Data section –
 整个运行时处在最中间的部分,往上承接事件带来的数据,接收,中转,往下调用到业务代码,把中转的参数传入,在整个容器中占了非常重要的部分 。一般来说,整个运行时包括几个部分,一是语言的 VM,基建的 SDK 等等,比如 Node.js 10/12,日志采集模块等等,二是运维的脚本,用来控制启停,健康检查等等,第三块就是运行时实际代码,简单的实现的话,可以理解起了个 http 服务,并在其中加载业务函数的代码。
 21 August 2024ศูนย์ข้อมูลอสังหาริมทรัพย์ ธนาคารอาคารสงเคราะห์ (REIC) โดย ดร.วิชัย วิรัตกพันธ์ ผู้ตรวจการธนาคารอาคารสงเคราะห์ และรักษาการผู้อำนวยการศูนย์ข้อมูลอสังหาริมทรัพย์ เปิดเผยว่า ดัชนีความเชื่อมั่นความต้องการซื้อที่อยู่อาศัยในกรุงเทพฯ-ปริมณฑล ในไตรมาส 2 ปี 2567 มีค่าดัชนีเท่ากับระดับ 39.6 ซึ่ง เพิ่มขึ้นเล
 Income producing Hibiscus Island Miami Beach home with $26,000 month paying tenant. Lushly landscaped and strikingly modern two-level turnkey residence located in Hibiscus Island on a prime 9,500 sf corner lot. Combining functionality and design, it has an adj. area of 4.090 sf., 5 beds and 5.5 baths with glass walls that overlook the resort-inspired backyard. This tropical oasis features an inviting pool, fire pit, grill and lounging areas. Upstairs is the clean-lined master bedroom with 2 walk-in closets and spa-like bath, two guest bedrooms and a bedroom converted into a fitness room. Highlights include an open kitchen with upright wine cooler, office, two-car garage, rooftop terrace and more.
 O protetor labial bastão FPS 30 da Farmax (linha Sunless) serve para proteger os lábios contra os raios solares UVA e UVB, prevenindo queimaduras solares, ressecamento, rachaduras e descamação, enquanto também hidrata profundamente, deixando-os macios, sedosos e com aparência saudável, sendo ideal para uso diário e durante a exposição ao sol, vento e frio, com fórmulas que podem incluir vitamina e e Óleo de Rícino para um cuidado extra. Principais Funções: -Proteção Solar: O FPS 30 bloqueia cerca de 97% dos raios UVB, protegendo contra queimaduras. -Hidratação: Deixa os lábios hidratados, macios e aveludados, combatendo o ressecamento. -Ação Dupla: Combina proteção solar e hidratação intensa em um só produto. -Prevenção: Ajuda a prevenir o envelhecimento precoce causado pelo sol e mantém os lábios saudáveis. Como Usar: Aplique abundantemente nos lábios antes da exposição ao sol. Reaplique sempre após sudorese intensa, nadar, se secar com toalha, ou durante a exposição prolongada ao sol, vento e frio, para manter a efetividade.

Requirement – The listing above should be returned in full, exactly as shown.

Exercise output –
 整个运行时处在最中间的部分,往上承接事件带来的数据,接收,中转,往下调用到业务代码,把中转的参数传入,在整个容器中占了非常重要的部分 。一般来说,整个运行时包括几个部分,一是语言的 VM,基建的 SDK 等等,比如 Node.js 10/12,日志采集模块等等,二是运维的脚本,用来控制启停,健康检查等等,第三块就是运行时实际代码,简单的实现的话,可以理解起了个 http 服务,并在其中加载业务函数的代码。
 21 August 2024ศูนย์ข้อมูลอสังหาริมทรัพย์ ธนาคารอาคารสงเคราะห์ (REIC) โดย ดร.วิชัย วิรัตกพันธ์ ผู้ตรวจการธนาคารอาคารสงเคราะห์ และรักษาการผู้อำนวยการศูนย์ข้อมูลอสังหาริมทรัพย์ เปิดเผยว่า ดัชนีความเชื่อมั่นความต้องการซื้อที่อยู่อาศัยในกรุงเทพฯ-ปริมณฑล ในไตรมาส 2 ปี 2567 มีค่าดัชนีเท่ากับระดับ 39.6 ซึ่ง เพิ่มขึ้นเล
 Income producing Hibiscus Island Miami Beach home with $26,000 month paying tenant. Lushly landscaped and strikingly modern two-level turnkey residence located in Hibiscus Island on a prime 9,500 sf corner lot. Combining functionality and design, it has an adj. area of 4.090 sf., 5 beds and 5.5 baths with glass walls that overlook the resort-inspired backyard. This tropical oasis features an inviting pool, fire pit, grill and lounging areas. Upstairs is the clean-lined master bedroom with 2 walk-in closets and spa-like bath, two guest bedrooms and a bedroom converted into a fitness room. Highlights include an open kitchen with upright wine cooler, office, two-car garage, rooftop terrace and more.
 O protetor labial bastão FPS 30 da Farmax (linha Sunless) serve para proteger os lábios contra os raios solares UVA e UVB, prevenindo queimaduras solares, ressecamento, rachaduras e descamação, enquanto também hidrata profundamente, deixando-os macios, sedosos e com aparência saudável, sendo ideal para uso diário e durante a exposição ao sol, vento e frio, com fórmulas que podem incluir vitamina e e Óleo de Rícino para um cuidado extra. Principais Funções: -Proteção Solar: O FPS 30 bloqueia cerca de 97% dos raios UVB, protegendo contra queimaduras. -Hidratação: Deixa os lábios hidratados, macios e aveludados, combatendo o ressecamento. -Ação Dupla: Combina proteção solar e hidratação intensa em um só produto. -Prevenção: Ajuda a prevenir o envelhecimento precoce causado pelo sol e mantém os lábios saudáveis. Como Usar: Aplique abundantemente nos lábios antes da exposição ao sol. Reaplique sempre após sudorese intensa, nadar, se secar com toalha, ou durante a exposição prolongada ao sol, vento e frio, para manter a efetividade.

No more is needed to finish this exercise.